On Wed, 2008-03-19 at 12:09 -0500, Ioan Raicu wrote:
> Mike,
> The errors that occur are after the jobs execute, and Swift looks for 
> the successful empty file for each job (in a unique dir per job), 
> right?  If Swift were to rely solely on the exit code that Falkon 
> returned for each job, would that not solve your immediate problem?
> That is not to say that a race condition might not happen elsewhere, but 
> at least it would not happen in such a simple scenario, where you have 
> no data dependencies.  For example, if job A (running on compute node X) 

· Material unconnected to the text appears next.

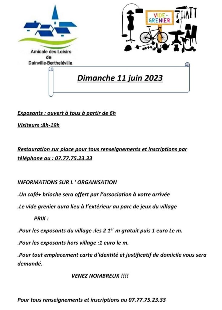 1er VIDE GRENIER à DAINVILLE-BERTHELÉVILLE dans le MEUSE (55) organisé par l’AMICALE DES LOISIRS le dimanche 11 juin. 1 € le ML. Café et brioche offerts aux exposants. Buvette et restauration sur place. Inscriptions au 07 77 75 23 33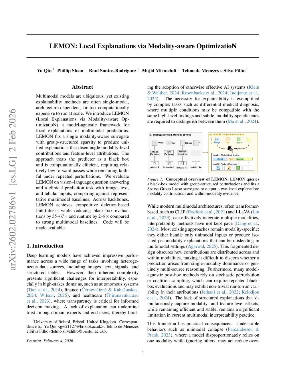 Multimodal models are ubiquitous, yet existing explainability methods are often single-modal, architecture-dependent, or too computationally expensive to run at scale. We introduce LEMON (Local Explanations via Modality-aware OptimizatioN), a model-agnostic framework for local explanations of multimodal predictions. LEMON fits a single modality-aware surrogate with group-structured sparsity to produce unified explanations that disentangle modality-level contributions and feature-level attributions. The approach treats the predictor as a black box and is computationally efficient, requiring relatively few forward passes while remaining faithful under repeated perturbations. We evaluate LEMON on vision-language question answering and a clinical prediction task with image, text, and tabular inputs, comparing against representative multimodal baselines. Across backbones, LEMON achieves competitive deletion-based faithfulness while reducing black-box evaluations by 35-67 times and runtime by 2-8 times compared to strong multimodal baselines.

> outputs data 1, and job B (running on compute node Y) reads data 1, and 
> Swift submits job B within milliseconds of job A's completion, its 
> likely that job B might not find data 1 to read.  So, relying solely on 
> Falkon exit codes could allow you to run your 100 jobs that have no data 
> dependencies among each other just fine, and will push the race 
> condition to workflows that do have some data dependencies between jobs.
> 
> Ben, Mihael, is this feasible, to use the Falkon exit code solely to 
> determine the success or failure of a job?
> 
> Ioan
> 
> Michael Wilde wrote:
> > Following up on Ben's request from the msg below:
> >
> > > My off-the-cuff hypothesis is, based on the above, that soemwhere in
> > > provider-deef or below, the execution system is reporting a job as
> > > completed as soon as it starts executing, rather than when it actually
> > > finishes executing; and that successes with small numbers of jobs have
> > > been a race condition that would disappear if those small jobs took a
> > > substantially longer time to execute (eg if they had a sleep 30s in 
> > them).
> > >
> >
> > I tested the following:
> >
> > run314: 100 jobs, 10 workers: all finished OK
> >
> > run315: 100 jobs, 110 workers: ~80% failed
> >
> > run316: 100 jobs, 110 workers, sleep 30 in the app: all finished OK
> >
> > These are in ~benc/swift-logs/wilde. The workdirs are preserved on 
> > bblogin/sico - I did not copy them because you need access to the msec 
> > timestamps anyways.
> >
> > I can run these several times each to get more data before we assess 
> > the hypothesis, but didnt have time yet. Let me know if thats needed.
> >
> > I'm cautiously leaning a bit more to the NFS-race theory. I would like 
> > to test with scp data transfer.  Am also trying to get gridftp 
> > compiled there with help from Raj.  Build is failing with gpt 
> > problems, I think I need Ben or Charles on this.
> >
> > - Mike
> >
> >
> > On 3/18/08 3:57 PM, Ben Clifford wrote:
> >> I picked the first failed job in the log oyu sent. Job id 2qbcdypi.
> >>
> >> I assume that your submit host and the various machines involved have 
> >> properly synchronised clocks, but I have not checked this beyond 
> >> seeing that the machine I am logged into has the same time as my 
> >> laptop. I have labelled the times taken from different system clocks 
> >> with lettered clock domains just in case they are different.
> >>
> >> For this job, its running in thread 0-1-88.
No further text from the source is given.